Day 36 - Records, Musings, Side B, Open Window Beckonings.

I collect vinyl. Age-old, archaic and kind of clunky. I have a budding record collection not for the sake of pretentiousness, or for the sake of getting old records to hear their original recordings, or for the sake of getting new recordings that were digital-turned-analog.

Before I go on, I'd like to point out that records are more expensive, come with less booklet-art and lyrics (especially the older ones), are usually used, and that one record takes up twelve inches as opposed to my iPod's 3 and a half. I'd like to point out that they are by-gone and kind of silly to have.

But the reason that I have them is because, in this age of convenience and music-at-your-fingertips, having a record is absurdly space-consuming. But that's the whole point to me: saying to the artist, "I could have you crammed into the list on my iPod and enjoy you that way, but, instead, I've also placed you on a shelf in my room where I could have put other stuff." It's the idea that I like these bands enough to let them take up an insane amount of room in these days of over-consumption. Twelve-inch singles are like saying, "I like this song enough to have it take up a whole foot of space in my room." I like Ok Computer enough to drop 30 dollars on it even though the CD is less. The CD is smaller, the CD is easier. There's not four sides to it. Just the one. And so the records are my way of saying, "I appreciate you," and showing it.

--

What more can I say? I am sitting here without a shirt out, sensing (but not quite scenting) my b.o. that everyone has but no one likes to admit. Funny how we as people are inherently stinky, yet we attempt to cover it up with deoderants and antiperspirants and lies and showers. We are stinky people in both physiology and ideology. Everyone has lies and judgments yet we don't try and cover up their stench. We let it fly and whew! I'm pretty sure that's the methane that's being released to cause global warming. Maybe if we were less full of shit, then this world wouldn't be as hot.

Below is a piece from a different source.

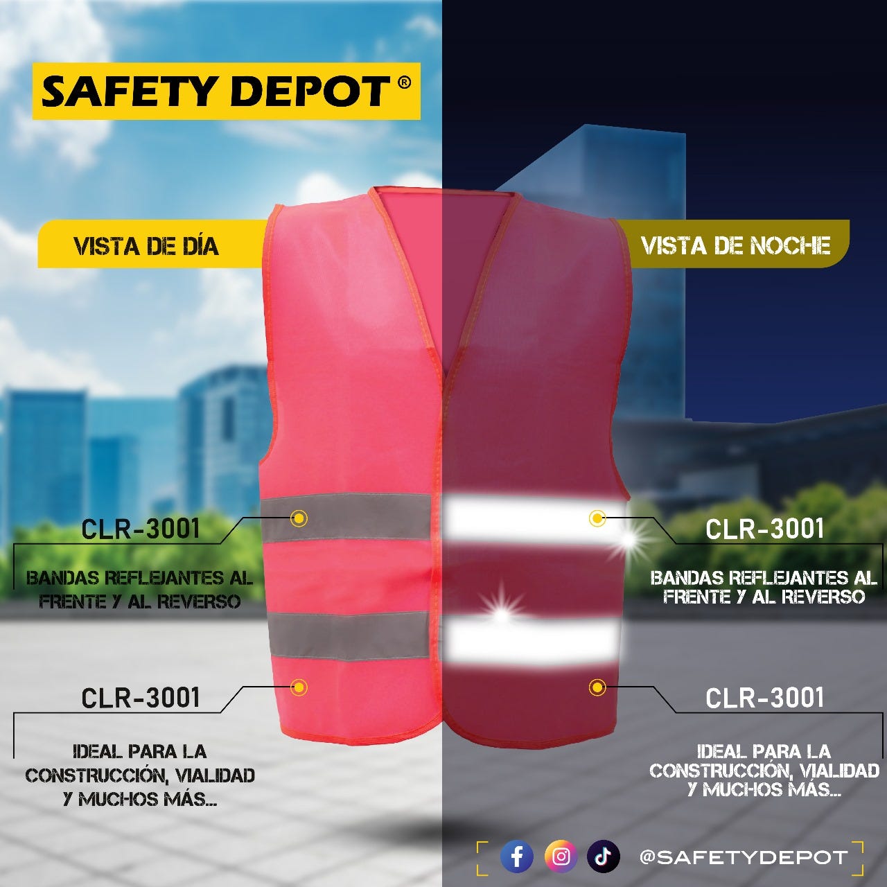 El chaleco CLR-3001 de Safety Depot está diseñado para protegerte en cualquier condición. Sus bandas reflejantes ubicadas al frente y al reverso garantizan que seas visible tanto con luz natural como en la oscuridad. Perfecto para construcción, trabajos viales y muchas otras actividades, el CLR-3001 combina seguridad, comodidad y resistencia.

I realized that I truly love very few things: baseball, women, music, God. The idea of love and women fascinates me. I know a beautiful girl who would cause my year to end and the world to stop if she admitted to being in love with me (but she never will be for her own reasons, so the year trudges on like a Casanovan solitude). I know that I watch too much baseball when I can point out rooftops of the bleachers in commercials. Music at full volume in a car makes me feel invincible. Lightning Bolt turned up to 11 driving down the freeway is intoxicating, driving, confusing, cacophonous. It will get you killed. Icky Thump, too, will kill you. Meg White pounding the knife in as your car slams into a tree, pinning the wife of a priest to a tree who begins to ramble on about how Merrill should swing away.

God is. What more can I say?

Am I happy? No, but I'm okay with everything.